Triticum turgidum L var. durum is known to be particularly susceptible to infection by Fusarium graminearum, the causal agent for Fusarium head blight (FHB), which results in severe yield losses and grain contaminated with mycotoxins. This research was aimed at identifying FHB resistance in tetraploid wheat and mapping the location of FHB resistance genes. A tetraploid cross of durum wheat ('Strongfield') x Triticum carthlicum ('Blackbird') was used to generate a doubled-haploid (DH) population. This population was evaluated for type II resistance to F. graminearum in replicated greenhouse trials, in which heads were innoculated and the percent of infected spikelets was determined 21 days later. The population was also genotyped with microsatellite markers to construct a map of 424 loci, covering 2 052 cM. The FHB reaction and genotypic data were used to identify FHB resistance quantitative trait loci (QTLs). It was determined that 2 intervals on chromosomes 2BL and 6BS controlled FHB resistance in this tetraploid cross. The FHB resistance allele on chromosome 2BL (r2=0.26, logarithm of odds (LOD)=8.5) was derived from 'Strongfield', and the FHB resistance allele on chromosome 6BS (r2=0.23, LOD=6.6) was derived from 'Blackbird'. Two other loci, on chromosomes 5AS and 2AL, were shown to regulate FHB infection and to have an epistatic effect on the FHB resistance QTL on chromosome 6BS. Further, the FHB resistance QTL peak on chromosome 6BS was clearly coincident with the known FHB resistance gene Fhb2, derived from Sumai 3. The results show that FHB resistance can be expressed in durum wheat, and that T. carthlicum and Triticum aestivum likely share a common FHB resistance gene on chromosome 6BS.     

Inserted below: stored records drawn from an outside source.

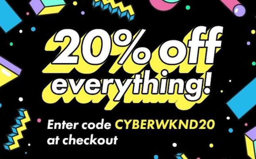 Fashion retailer is offering 20 per cent off all orders up to £500 that use the promo code CYBERWKND20.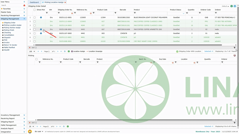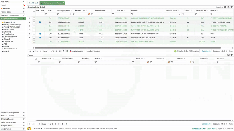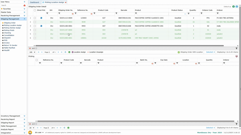 2. The confirmed items are displayed on the Picking Location Assign page, and it is possible to assign locations for them.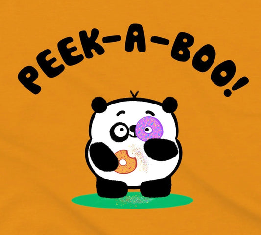 Cutest Panda Playing Peek-A-Boo With Delicious Doughnuts Colorful Cotton T-shirt for girls and toddlers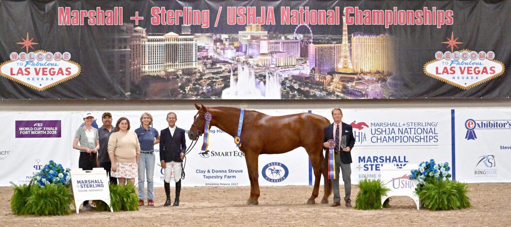 LAS VEGAS – Three new green hunter champions were crowned on November 12, 2025, at the Marshall+Sterling/USHJA National Championships, held at the South Point Hotel, Casino & Spa in Las Vegas. Fresh off Tuesday’s $25,000 USHJA National Hunter Derby win, John French and Valentino BF captured the Grand Green Hunter title as riders across all green hunter classes competed for a total of $17,000 in prize money.

Fine mapping Fhb1, a major gene controlling fusarium head blight resistance in bread wheat (Triticum aestivum L.)

A major fusarium head blight (FHB) resistance gene Fhb1 (syn. Qfhs.ndsu-3BS) was fine mapped on the distal segment of chromosome 3BS of spring wheat (Triticum aestivum L.) as a Mendelian factor. FHB resistant parents, Sumai 3 and Nyubai, were used as sources of this gene. Two mapping populations were developed to facilitate segregation of Qfhs.ndsu-3BS in either a fixed resistant (Sumai 3*5/Thatcher) (S/T) or fixed susceptible (HC374/3*98B69-L47) (HC/98) genetic background (HC374 = Wuhan1/Nyubai) for Type II resistance. Type II resistance (disease spread within the spike) was phenotyped in the greenhouse using single floret injections with a mixture of macro-conidia of three virulent strains of Fusarium graminearum. Due to the limited heterogeneity in the genetic background of the crosses and based on the spread of infection, fixed recombinants in the interval between molecular markers XGWM533 and XGWM493 on 3BS could be assigned to discrete “resistant” and “susceptible” classes. The phenotypic distribution was bimodal with progeny clearly resembling either the resistant or susceptible parent. Marker order for the two maps was identical with the exception of marker STS-3BS 142, which was not polymorphic in the HC/98 population. The major gene Fhb1 was successfully fine mapped on chromosome 3BS in the same location in the two populations within a 1.27-cM interval (S/T) and a 6.05-cM interval (HC/98). Fine mapping of Fhb1 in wheat provides tightly linked markers that can reduce linkage drag associated with marker-assisted selection of Fhb1 and assist in the isolation, sequencing and functional identification of the underlying resistance gene.